The real estate market arguably is one of the most susceptible to the effects, variations and pull of economic interactions. With a rise in national economic fortune comes an almost directly proportional increase in real estate transactions from mortgage to listings etc. Thus when it has to do with mortgages, the story is almost a reflection of the national economic story or not? While the economy is taking the highway up, Mortgage applications are nevertheless facing the opposite direction as the data from the Mortgage Bankers Association (MBA) Weekly Application survey for the week ending June 14, 2019 shows applications dropping by 3.4 percent from the previous week.
And the survey of the mortgage market is telling is consistent either way you look at it, both from the adjusted and unadjusted basis. The Market Composite Index which measures the quantum of mortgage loan applications showed a decrease of 3.4 percent on a seasonally adjusted basis from what it was the previous week. Without adjustments, the index showed a decrease of 4 percent compared to the previous week. The Refinance Index dropped by 4 percent from what it was a week earlier. By the seasonal adjustments the Purchase Index rallied at a point short by 4 percent from one week earlier while its unadjusted reading showed a decrease of 5 percent from what it was the week before even though 4 percent higher than what it read at this same week a year ago.
Joel Kan, MBA’s Associate Vice President of Economic and Industry Forecasting sought to put the drop in refinancing activity in perspective. According to him, the pullback in overall refinance activity is the outcome of a six-week consistent increase, even if slightly, of mortgage rates for 30-year loans. Kan further posits that; “Borrowers were sensitive to rising rates, but the refinance share of applications was still at its highest level since January 2018, and refinance activity was at its second highest level this year. Government refinances actually increased last week, led by a 17 percent jump in VA refinance applications, while conventional refinance applications decreased 7 percent.
However, and as expected, the positive economic story in the country was able to sustain a decent figure in the purchase applications section as it remained 4 percent higher than what obtained at this time last year. This is despite dropping more than 3 percent last week.
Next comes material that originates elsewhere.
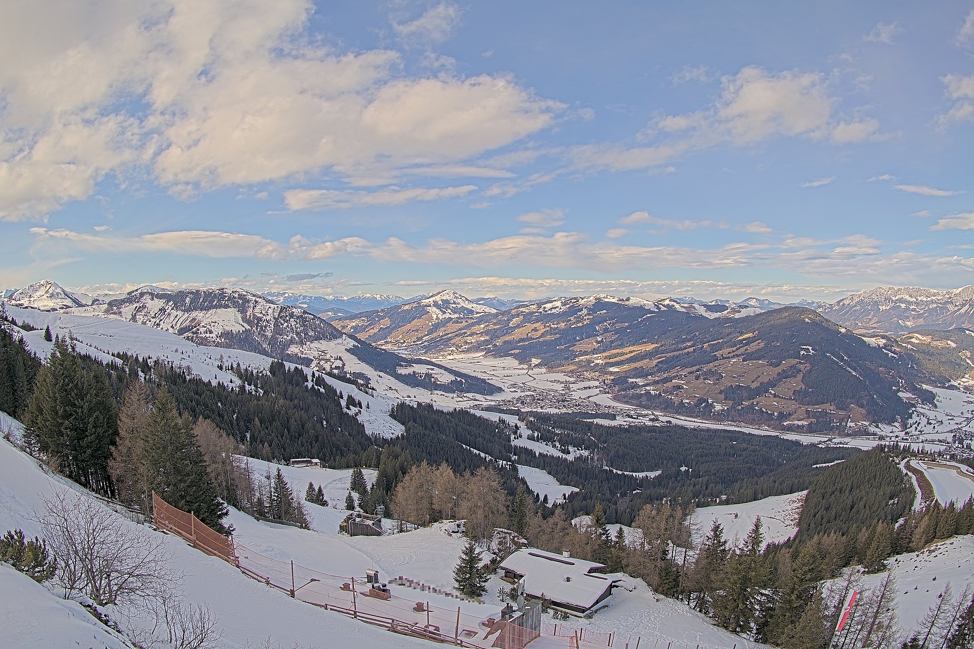- Panoramablick von der Hahnenkammbahn Bergstation in Richtung Brixental nach Kirchberg in Tirol, Brixen im Thale, Westendorf, Hohe Salve
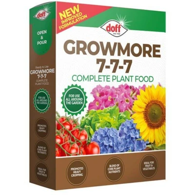 General description Doff Growmore Ready To Use Fertiliser is a traditional general-purpose plant food, perfectly balanced for use all around the garden, supplying the three major plant nutrients in equal measure. It can be applied as a top or base dressing to a wide variety of crops and ornamentals, boosting fruit and vegetable crops by building soil fertility. Technical specifications NPK ratio: 7:7:7 Weight: 2 kg

Kan notes that strong demand from first-time buyers and low unemployment is the reason for this edge over last year’s results.
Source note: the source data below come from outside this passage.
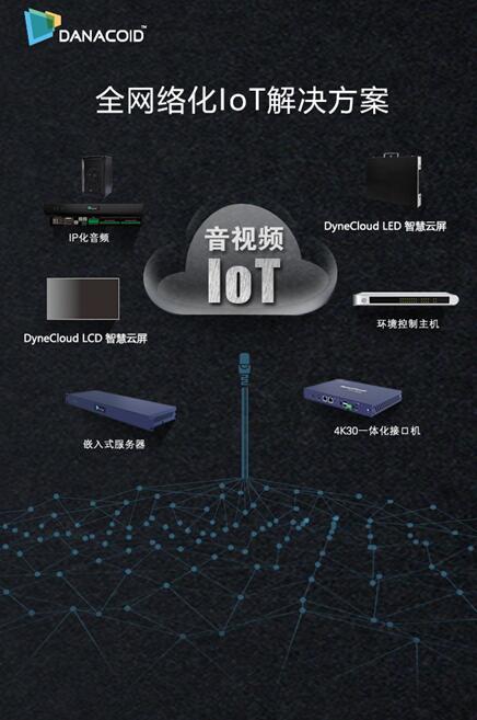 大因音視頻IoT理念打造的全新音視頻IP化解決方案,使用一根網線解決音視頻的供電、傳輸、管理和控制。有了大因的音視頻IoT,整個方案即可實現音視頻的供電、傳輸、管理、控 制,取代了傳統音頻所需的音頻線、控制線。依托于DyneCloud系統,所有音視頻信號實現互聯互通、無縫交互、信息共享、 多屏聯動,一鍵切換,同步操作。這套解決方案顛覆了傳統的堆砌音視頻設備的音視頻系統,使設備極簡化,減少出現故障的頻 率,從而實現了系統的“至繁歸于至簡”。目前,DANACOID的音視頻 IoT已經在智慧學校、企業辦公、指揮中心、商業應用、政府會議等方面得到了廣泛應用。
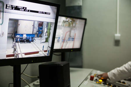 CHERNOBYL, UKRAINE - OCTOBER 16, 2015: Monitoring nuclear reprocessing in a control room at Chernobyl Nuclear Power Plant.
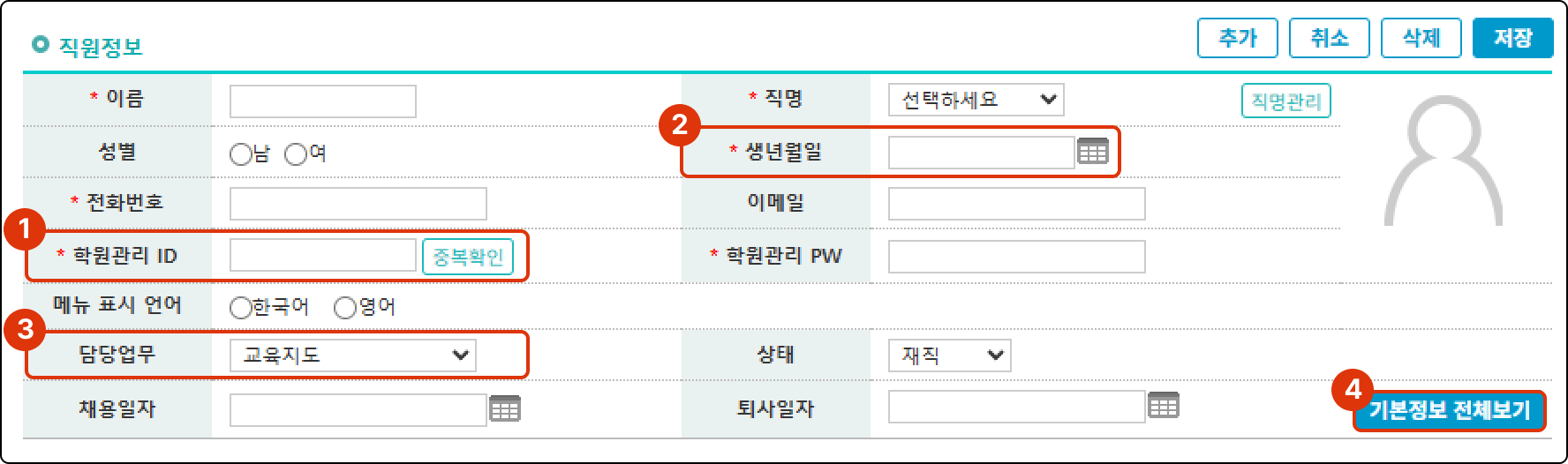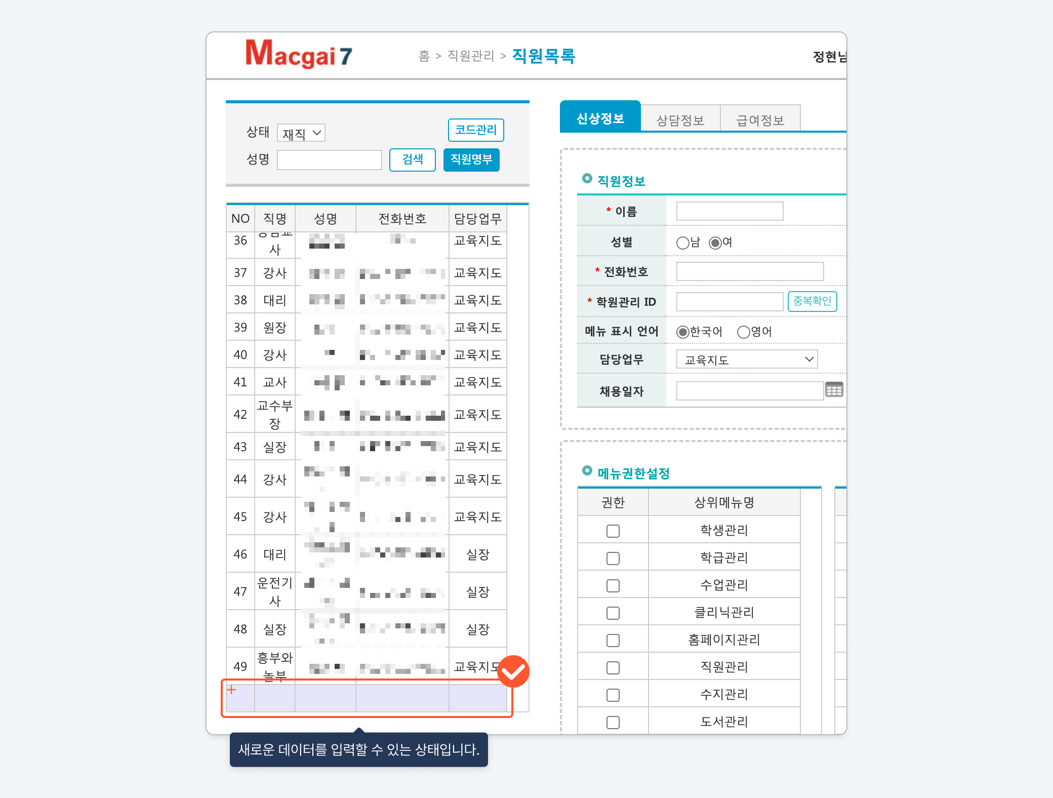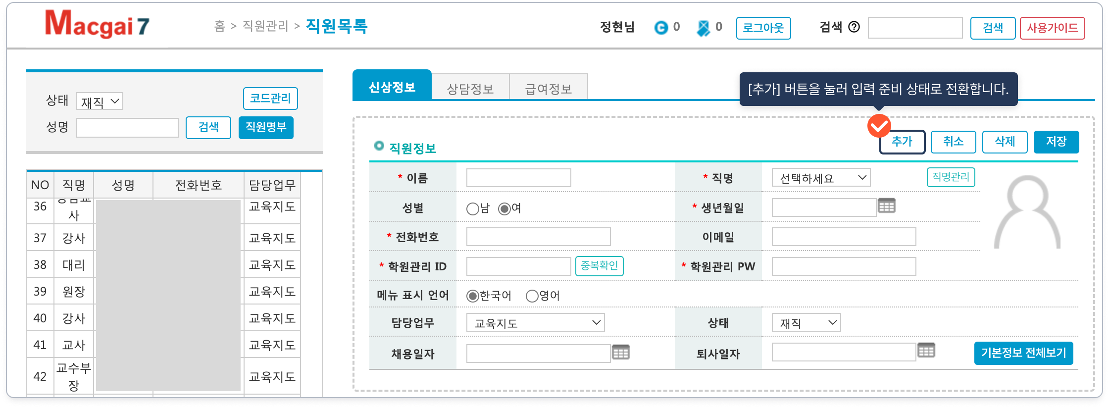 개별 직원 혹은 강사가 맥가이를 사용하려면 직원의 정보를 추가해야 합니다

Compared to last week’s 49.8 percent, the refinance share of mortgage activity increased to 50.2 percent of total applications. The adjustable-rate mortgage (ARM) share rallied around 6.1 percent of total applications, representing a decrease. The FHA share of total applications showed a slight increase to 9.4 percent up from the previous weeks 8.9 percent. But it wasn’t just the FHA as VA share of total applications also crawled from 11.0 percent to 11.9 percent representing an increase of 0.9 percent from the previous week.
For average contract interest rate for 30-year fixed-rate mortgages with conforming loan balances ($484,350 or less), an increase of 0.02 percent ensured that the rally went upwards to 4.14 percent from 4.12 percent. 80 percent loan-to-value ratio (LTV) loans was also pointing upwards from what obtained last week as points increased to 0.38 from 0.33 (including the origination fee).
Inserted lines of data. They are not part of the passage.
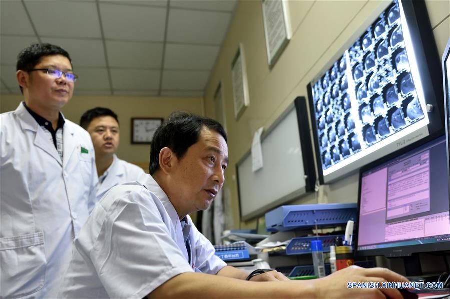 Imagen del 24 de mayo de 2017 del cirujano Mei Changqing (d), observando imágenes de resonancia magnética nuclear en el Hospital del Pueblo del condado de Zigui, provincia de Hubei, en el centro de China. Mei Changqing es uno de los que se beneficiaron de la reanudación del examen de ingreso a la universidad en 1977. El cirujano, siendo un tipógrafo en 1976 luego de su graduación de la secundaria, cambió su destino realizado el examen de ingreso a la universidad en 1977 y fue matriculado por la Escuela de Medicina de Yichang. Habiendo estado dedicado a la medicina clínica durante 30 a?os, Mei Changqing está orgulloso de su elección. (Xinhua/Wang Jiaman)
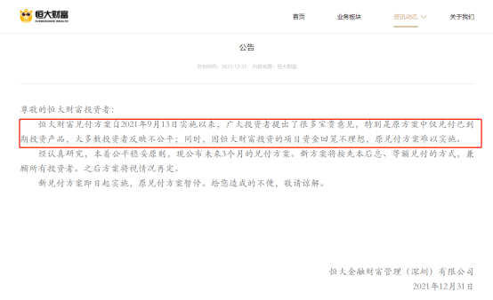 2021年12月31日,恒大财富解释,调整兑付方案原因,一方面原有兑付方案实施以来,仅兑付已到期投资产品,有投资者反映不公平;另一方面,因恒大财富投资的项目资金回笼不理想,原兑付方案难以实施。
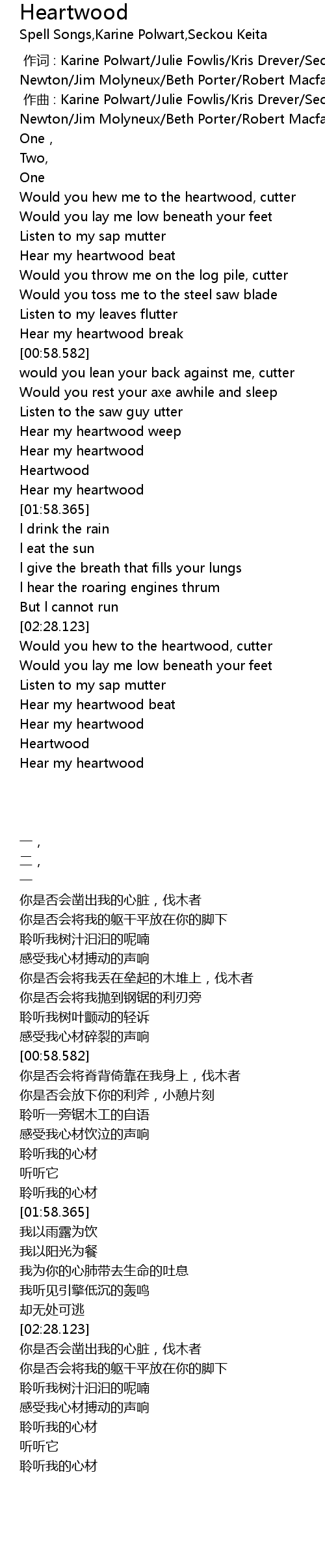 | [02:29.702] | Would you hew to the heartwood, cutter |

But the needle wasn’t all pointing upwards as some indices refused to budge. The average contract interest rate for 30-year fixed-rate mortgages with jumbo loan balances (greater than $484,350) was one of these, staying put at 4.04 percent. Points on same however increased to 0.24 from 0.17 (including the origination fee) and the effective rate increased from last week.
The average contract interest rate for 30-year fixed-rate mortgages backed by the FHA did not stay put as it increased to 4.12 percent from 4.09 percent. For 80 percent LTV loans, the points inched upwards to 0.44 from 0.26 (including the origination fee). The effective rate departed for a higher point from where it was berthed last week.
The needle also pointed downwards in some cases, after all you cannot win all. In the spirit of win some, lose some, the average contract interest rate for 15-year fixed-rate mortgages decreased to 3.50 percent from where it was at 3.53 percent. Points increased to 0.33 from 0.32 (including the origination fee) for 80 percent LTV loans. The effective rate decreased from last week.
Finally, the average contract interest rate for 5/1 ARMs increased to 3.45 percent from 3.43 percent. 80 percent LTV loans shed points to settle at 0.23 from 0.32 (including the origination fee). The effective rate dropped from the previous week.